One reason that measuring attention to an advertisement is so difficult is because no two tests are the same, and each piece of research demands its own specific set of metrics. “Best Measures of Attention to Creative Tactics in TV Advertising: When Do Attention-Getting Devices Capture or Reduce Attention?” (please see page 295), examines a series of scalable biometric measures across responses to 10 creative devices in more than 100 television advertisements.
The research team—Steven Bellman, Magda Nenycz-Thiel, Rachel Kennedy, and Nicole Hartnett (the Ehrenberg-Bass Institute at the University of South Australia), partnered with Duane Varan (MediaScience)—used a rich mixture of tools to examine attention-getting ability. The authors advise that “different measures are needed to detect when any attention is being paid; for this reason, no one measure of attention is enough” and further warn “it is necessary to link advertising measures—including biometrics—to content in order to determine the specific characteristics people are responding to.”
Biometric devices that record eye tracking, skin conductance, and heart rate, in particular, are associated with measuring arousal, which is a necessary step in aiding marketing academics and professionals to assess advertising effectiveness.
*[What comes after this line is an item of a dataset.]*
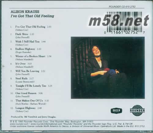 I‘VE GOT THAT OLD FEELING(m58.net) 多次被評為世界最美的女聲 坐擁11座格萊美獎。 最著名的歌曲When you say nothing at all(永遠有多遠) 被無數人當作心中永恒的經典。 冷山中那首動人的The Scarlet Tide的演唱者.獲得2004年奧斯卡最佳電影歌曲提名。 在和聯合車站樂隊的合作后,Union Station的Bluegrass威力又像是幫她往前推了一把,讓已經擁有翅膀的Alison又添加一道光環。 當一位鄉村電臺DJ某天在節目中播放Alison精選專輯主打歌「When You Say Nothing At All」后,每天如浪潮般的點歌頻率,開啟了鄉村音樂的一個新傳奇。Alison在1995年與Union Station合作的精選大碟,曾是鄉村音樂排行榜第2名、流行音樂專輯第15名,全美銷量達二百萬張,這對于一個鄉村歌手而言,是相當大的數目。不過與其說專輯得到如此多的成功是個意外,不如承認Alison無可否認十分甜美的歌喉,及用心演唱的態度,才是讓她長久以來受歌迷肯定的主要原因。 16歲時,Alison Krauss(艾莉森.克羅絲)與美國鄉村音樂最重要的獨立唱片公司Rounder簽約,發行的第一張個人專輯,立刻成為樂評家的最愛。18歲首度獲得葛萊美獎,之后又繼續獲得無數鄉村音樂獎項,其中包括11項葛萊美獎,總總的榮耀應該都是因為她從小苦學古典小提琴、民謠小提琴及歌唱技巧。 作為電影「新娘百分百」主題曲「When You Say Nothing At All」原唱者,與羅南詮釋方式不同,Alison溫柔舒服的唱腔,搭配著吉他和鋼琴伴奏,簡單又令人感動不已;樂評家均認為AKUS(Alison Krauss and Union Station)從80年代末至90年代中,將草根藍調音樂從地方性音樂帶領成為全世界均能接受的樂風,在樂壇占有舉足輕重的地位。 1999年,Alison Krauss的專輯《Forget About It》成為金唱片。一年后,她因在《O Brother ,Where Art You》電影原聲專輯中的出色表現而再度引起人們關注,她也因此而成為自Bill Monroe之后,又一位從肯塔基西部群山中突現的藍草歌手。不論在藍草音樂領域還是鄉村主流音樂領域,Alison Krauss和她的樂隊Union Station在過去一年中的出色表現都是不容忽視的。除了在原聲專輯中的合作,他們還同Kenny Rogers等老鄉村歌手和傳統藍草音樂歌手錄制作品。 Alison Krauss 是當今美國藍草音樂的領軍者,“藍草音樂”(Blue Grass)是美國民間音樂的一種,從上世紀二十年代出現并開始發展,在新世紀里未顯絲毫頹敗之勢,因Alison 這樣優秀蘭草歌手的不斷革新,使蘭草音樂煥發出更為迷人的氣質,作品逐漸擠占主流唱片市場份額,且在全球都擁有越來越多的歌迷。 Alison的歌曲之所以吸引人是因其個人演唱魅力和她所創作的精致、純正的蘭草音樂。Alison的歌曲中使用的樂器依然是小提琴、曼陀鈴、木吉他和斑鳩琴這樣蘭草的標準樂器,編曲配器也絕少矯飾,沒有任何世俗渲染的音樂配上Alison Krauss清泉般透徹的歌聲,使得蘭草音樂愈加發揚光大。 聽Alison Krauss唱歌,恍如清晨站在草原上,輕風拂在臉上,和煦的陽光照在身上,抬起頭,看藍天上白云悠然而過…… 《Let Me Touch You For A while》、等曲子反復聽幾十遍,還是覺得時間過得太快。孤獨,而且最好有點寂寞的時候適合欣賞Alison Krauss,無論內心還是環境,都異常安靜Alison Krauss 單薄而清亮的歌聲,時而歡喜昂揚,時而抑郁低吟,很簡單的音樂,很平實地唱著生活中的點點滴滴。這是一種不慍不火,溫暖卻憂郁,柔美又堅強的感動,一種舒服得令人想掉淚的感動。

The Ehrenberg-Bass/MediaScience study utilized laboratory data from 1,040 respondents with responses across 118 advertisements. Each participant viewed eight advertisements shown in a random order in the context of television programming.
The authors report that they were able to demonstrate that “across the three levels of attention that generally apply to television viewing—preattention (inattention), focal attention, and comprehension—biometric measures detect the lowest level of attention, which is focal attention (orienting responses) to advertising stimuli.”
Furthermore, “by using a combination of measures, this study shows—for the first time—that it is possible to mark the transition between these two lowest attention levels” (between preattention and focal attention).
And, as the march toward utilization of neuromarketing to improve advertising research continues, this group of authors believe “if one biometric measure has to be prioritized before others, these results suggest heart rate as the best option because it was most strongly associated with in-market performance.”